Voivode of Podlaskie Voivodeship
- In office 22 December 2014 – 7 October 2015
- President: Bronisław Komorowski
- Prime Minister: Ewa Kopacz
- Preceded by: Maciej Żywno
- Succeeded by: Bohdan Paszkowski

Personal details
- Born: 6 August 1955 Białystok, Polish People's Republic
- Died: 23 January 2016 (aged 60)
- Cause of death: Cancer
- Resting place: Farny Cemetery in Białystok
- Citizenship: Poland
- Party: Civic Platform
- Other political affiliations: Liberal Democratic Congress Freedom Union
- Alma mater: University of Białystok
- Occupation: Tax consultant, politician

= Andrzej Meyer =

Polish economist and liberal politician (1955–2016)

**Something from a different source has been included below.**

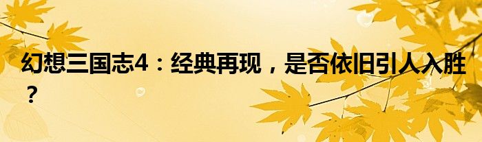 幻想三国志4:经典再现,是否依旧引人入胜?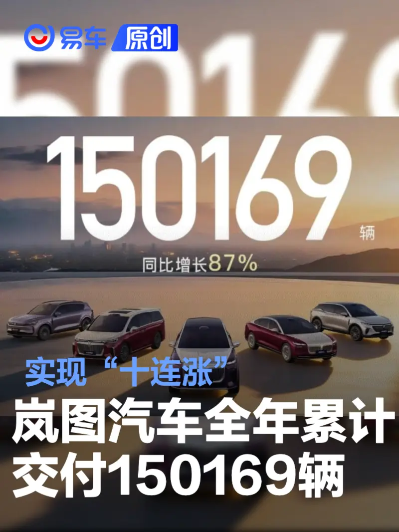 易车讯 1月1日,岚图汽车公布最新交付数据。2025年,岚图汽车全年累计交付150169辆,同比增长87%。

Andrzej Bronisław Meyer (6 August 1955 in Białystok -23 January 2016) was a Polish economist, entrepreneur and local government official, in 2011-2014 Vice President of Białystok and in 2014-2015 Voivode of Podlaskie Voivodeship.

==Biography==
Son of Bronisław and Janina. He graduated in economics from the University of Białystok. He ran his own business in the field of real estate management, he also dealt with tax consultancy, and was a member of the authorities of the National Chamber of Tax Advisors. In 1990, he joined the Liberal Democratic Congress, and in the same year he became a councilor of Białystok for the first term. From 1994 he was a member of the Freedom Union, and in 2005 he joined the Civic Platform, where he held, among others, the function of regional secretary. In 2011, he became the vice-president of Białystok. On December 22, 2014, he was appointed Voivode of Podlaskie Voivodeship. On October 6, 2015, he resigned after being charged with alleged failure to fulfill his duties during his term as vice-president of Białystok. The next day he was dismissed from his position. In 2015, he was awarded the Badge of Honor for Services to the Association of Siberians. He was married and had two children. He died of cancer. He was buried on January 27, 2016, at the Farny Cemetery in Białystok. In 2019, the City Council of Białystok named a roundabout at the intersection of Nowowarszawska and Ciołkowskiego streets after him.